● **Problem details**
Please repeat word for word the line containing "Victor青山スタジオから" and every following line up to and including the last one below, pictures excluded.

● **Information provided**

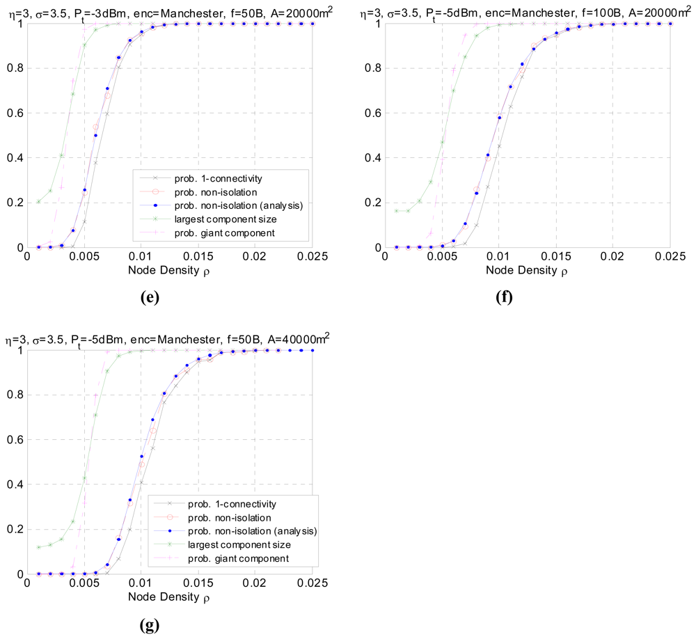 - Figure 5(f) shows the connectivity performance as the packet size is doubled. It can be observed that the performance merges to 1 at a slightly higher node density. The impact of packet size on the global connectivity is not obvious compared to other parameters.
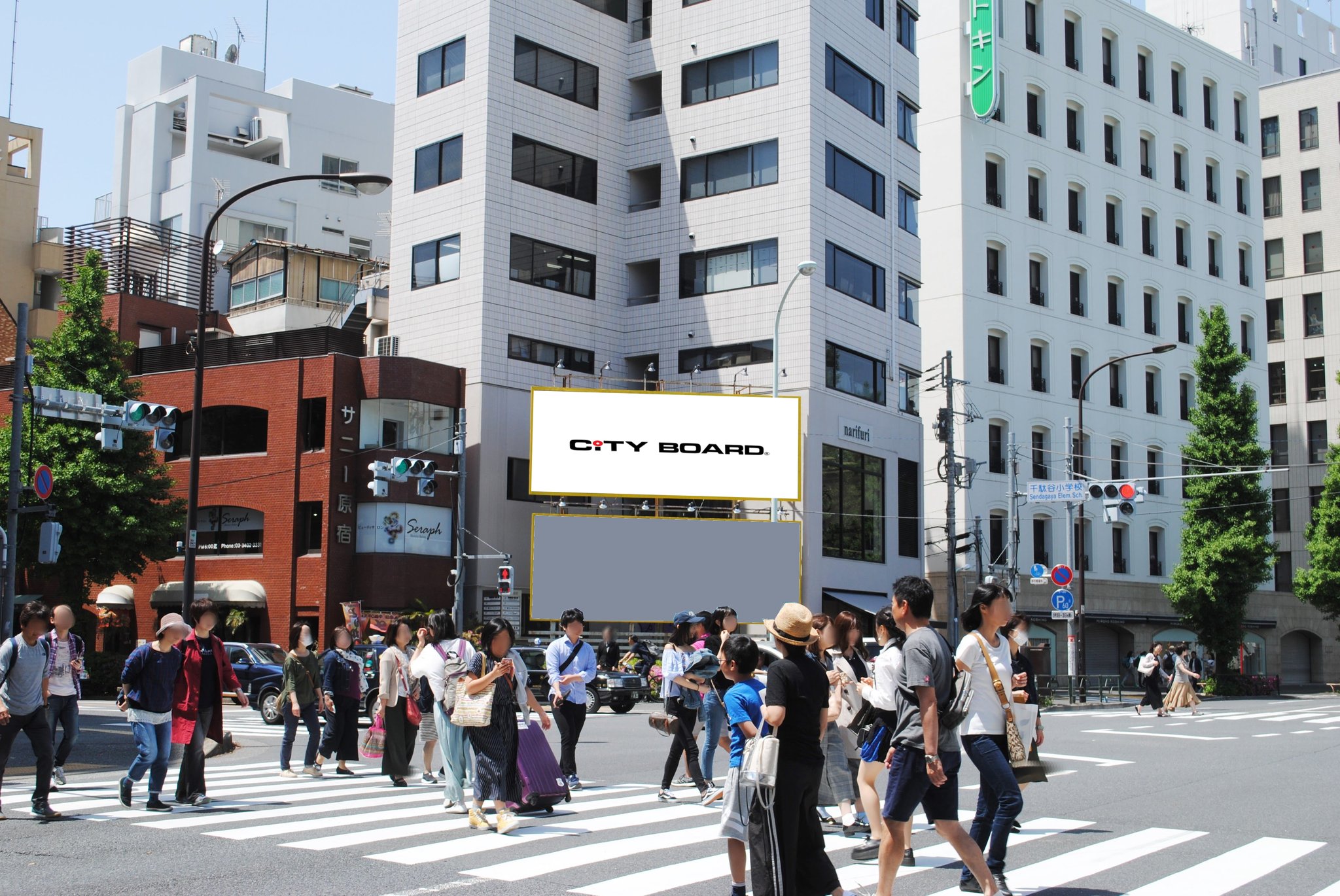 Victor青山スタジオから300メートルの場所に位置し、明治通りを神宮前から新宿方面、また神宮外苑から原宿駅方面へ向かう車へ向けた媒体として80年代初頭に設置。近年は副都心線の開通や多数のブティックが開業し、多くの歩行者が見受けられる。
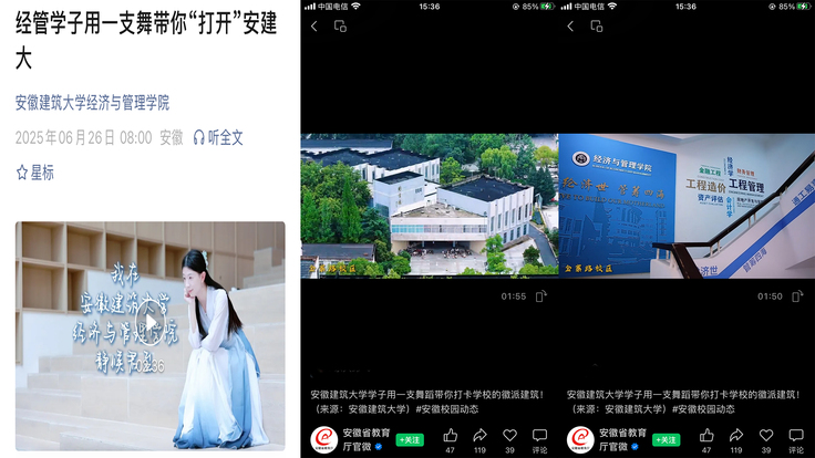 学院充分发挥新媒体平台优势,打造了一系列富有创意的招生宣传内容:微信公众号推出"经管学子用一支舞带你'打开'安建大"特色推文,以青春活力的形式展现校园生活,抖音平台参与学校招生线上咨询会直播,学院副院长章蓓蓓和学工办主任江琦通过实时互动解答考生疑问。
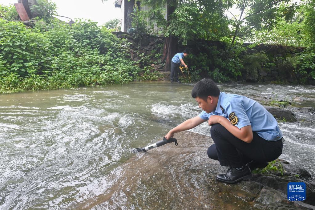 6月25日,杭州市生態(tài)環(huán)境局臨安分局的工作人員在位于臨安區的杭州亞運會(huì )場(chǎng)館周邊的溪水里取樣。

● **Solved problem**
 Victor青山スタジオから300メートルの場所に位置し、明治通りを神宮前から新宿方面、また神宮外苑から原宿駅方面へ向かう車へ向けた媒体として80年代初頭に設置。近年は副都心線の開通や多数のブティックが開業し、多くの歩行者が見受けられる。
 学院充分发挥新媒体平台优势,打造了一系列富有创意的招生宣传内容:微信公众号推出"经管学子用一支舞带你'打开'安建大"特色推文,以青春活力的形式展现校园生活,抖音平台参与学校招生线上咨询会直播,学院副院长章蓓蓓和学工办主任江琦通过实时互动解答考生疑问。
 6月25日,杭州市生態(tài)環(huán)境局臨安分局的工作人員在位于臨安區的杭州亞運會(huì )場(chǎng)館周邊的溪水里取樣。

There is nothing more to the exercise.